The output vector of the N-th decoder block 2120-N located at the top among the N decoder blocks 2120-1 to 2120-N may be input to a linear layer 2130 and a SoftMax layer 2140. The linear layer 2130 and the SoftMax layer 2140 may change the output vector of the N-th decoder block 2120-N to a single word. The linear layer 2130 is configured as a fully-connected neural network and may project the output vector of the N-th decoder block 2120-N into a logit vector, which is a vector with a larger size. Each cell of the projected logit vector may have a score for each corresponding word. The SoftMax layer 2140 may convert the scores of each cell into a probability. The transformed probability values of each cell all have positive values, and the sum of each probability value may be 1. At this time, the word corresponding to the cell with the highest probability value may be output as the final result of the SoftMax layer 2140. The output of the SoftMax layer 2140 may be re-embedded and added to the positional encoding vector, and then input to the first decoder block 2120-1 located at the bottom.

Sub-blocks included in each of the N encoder blocks 2110-1 to 2110-N and the N decoder blocks 2120-1 to 2120-N may be connected in a residual connection manner, and a layer-normalization (or Add & normalize) block may be included between each of the sub-blocks. The layer-normalization block may combine the input and output of the self-attention blocks 2111 and 2121 to prevent excessive data change in one layer.

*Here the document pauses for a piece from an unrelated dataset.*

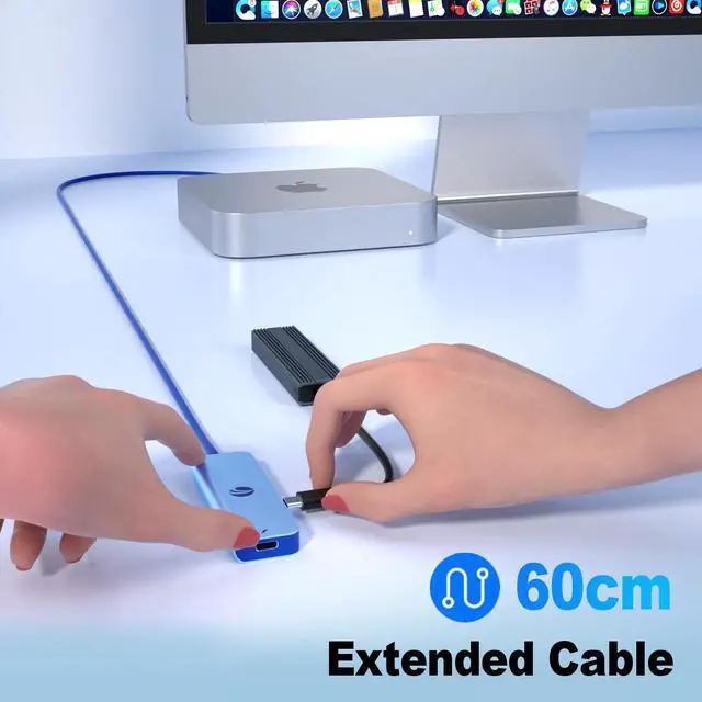 Plug & PlayThe usb c hub multiport adapter comes with 60cm cable, meeting many practical scenarios. It can be connected to laptops, mobile phones, tablets, etc. The Type C splitter is compatible with all devices with USB-C port, and support OTG, no additional drivers are needed.
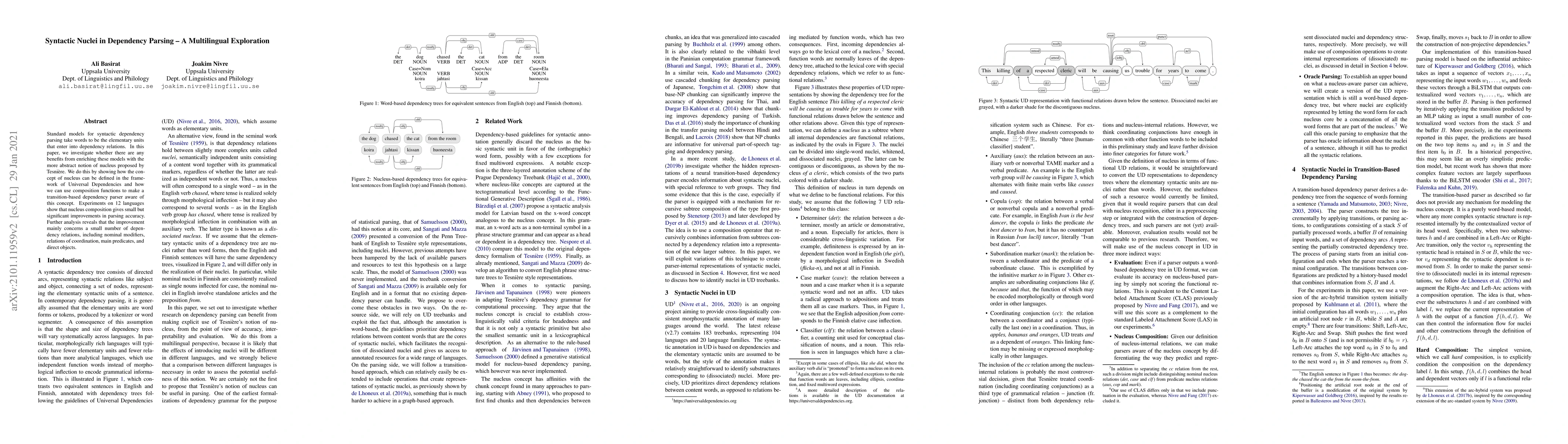This paper explores the integration of Tesni`ere's syntactic nucleus concept into dependency parsing models within the Universal Dependencies framework, demonstrating small but significant parsing accuracy improvements across 12 languages. The benefits are primarily observed in specific relations like nominal modifiers and coordination.

The transformer 2100 is a neural network that learns the context and meaning of a sentence by tracking the relationship between words in the sentence, and may mathematically find patterns between elements without a labeled data set. Therefore, the transformer 2100 does not require a process of generating a data set, and may be fast because it is suitable for parallel processing.

RNN (Recurrent Neural Network) has been widely used in the field of natural language processing because it may have position information of each word due to its characteristic of sequentially receiving and processing words according to the positions of the words. However, RNN has the problem of being difficult to process in parallel and having long-term dependency. On the other hand, the transformer may capture the dependency between input and output by using the attention mechanism instead of RNN. In addition, the transformer applies attention to the position of each word in the encoder block during learning, that is, emphasizes the value that is most closely related to the query, and uses the masking technique in the decoder block, so parallel processing is possible.

The sizes of the encoder/decoder input/output of the transformer, the number of encoders/decoders, the number of attention heads, and/or the size of the hidden layer of the feed-forward neural network are hyperparameters that may be changed by the user.

The BERT model is a transformer-based language model as described above, and may be used by replacing or deleting some components of the transformer. FIG. 22 illustrates an example of a structure of a BERT model applicable to one embodiment of the present disclosure. For example, the BERT model 2200 may be a model that uses encoder blocks 2110-1 to 2110-N except for decoder blocks 2120-1 to 2120-N in the transformer, as illustrated in FIG. 22.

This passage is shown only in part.